In a personal reflection on his early years, Rick once wrote that “my brother Kabir was just eight months younger than me. We were very good friends when we were young, and my sister was born about a year and a half after I joined the family. Kabir and I teased her a lot when she was old enough to tease, and once fed her some white paste glue covered with brown sugar.” He added, “She soon became very bossy, probably because she had to defend herself against Kabir and me, but she soon became part of our games.”

The Medical Update
At the beginning of this paper I noted that Rick has no vocal chords. That’s a huge inconvenience if you want to learn to speak. The nurses at the hospital taught him to communicate by teaching him some simple sign language. To get an idea how simple, put your thumb between your first and second fingers. That meant he needed to go to the bathroom.
It was a new and challenging world for us all. Well before the adoption rites were complete, we agreed that we would not put up with this sign language he had learned in the hospital. Kabir, who had been an only child, suddenly had to share our attention. Rick had learned to cope with other children by being aggressive. That had to stop.
The whole family had to adjust. We parents had to adjust to a having a new child without the usual preliminaries. To Rick’s horror, his new parents refused to respond to sign language. “We were determined that he would learn how to speak,” Jasbir recalls.
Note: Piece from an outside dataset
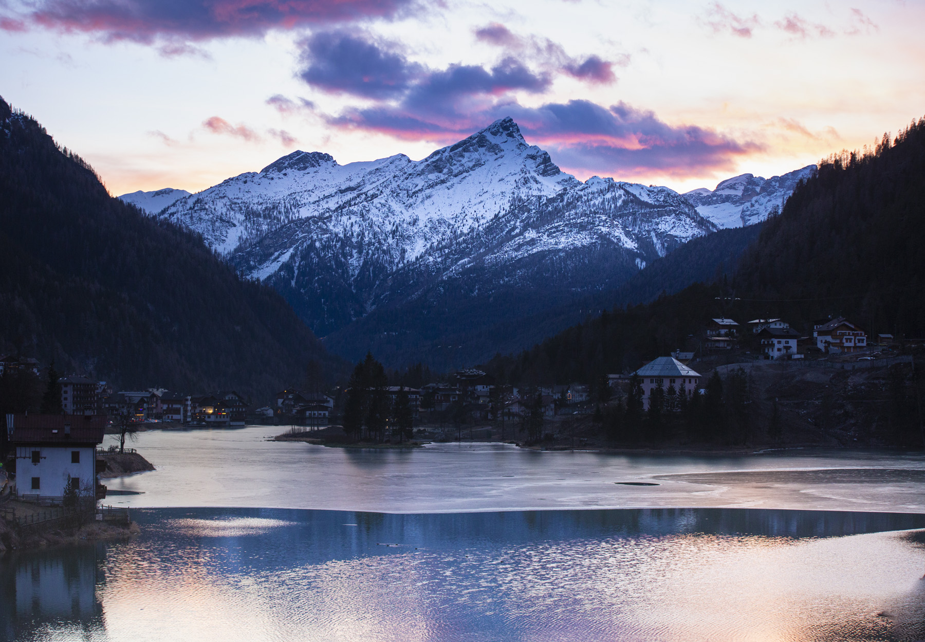 Un bel tramonto che colora le cime sullo sfondo e la superficie dell'acqua, mentre le prime luci iniziano ad accendersi nel paese.

At first, this led to tantrums, but his new parents were adamant. He slowly began to make progress, gradually learning to speak – as a child – with a deep, husky voice. Nicknamed “motormouth” because he was talkative as a child, Kabir encouraged him to speak by example. The two became close friends.
The reason his voice was and still is hoarse and a bit raspy is related to the reality that he doesn’t have vocal chords. He didn’t have the equipment for speech, so Rick found a workaround: the palatine uvula, which is a piece of flesh hanging from the soft palate in the back of the mouth, composed of connective tissue containing specialized glands, and muscular fibers.
When Rick recently had some specialized medical tests at a clinic in Vancouver, the ear, nose and throat specialist noted with astonishment that Rick had learned to speak by voicing into his uvula, somehow. A check of the medical literature found no other cases of the kind. As far as we know, Rick – now 43 – is one of a kind. Of course, as a family we have known that for most of his lifetime.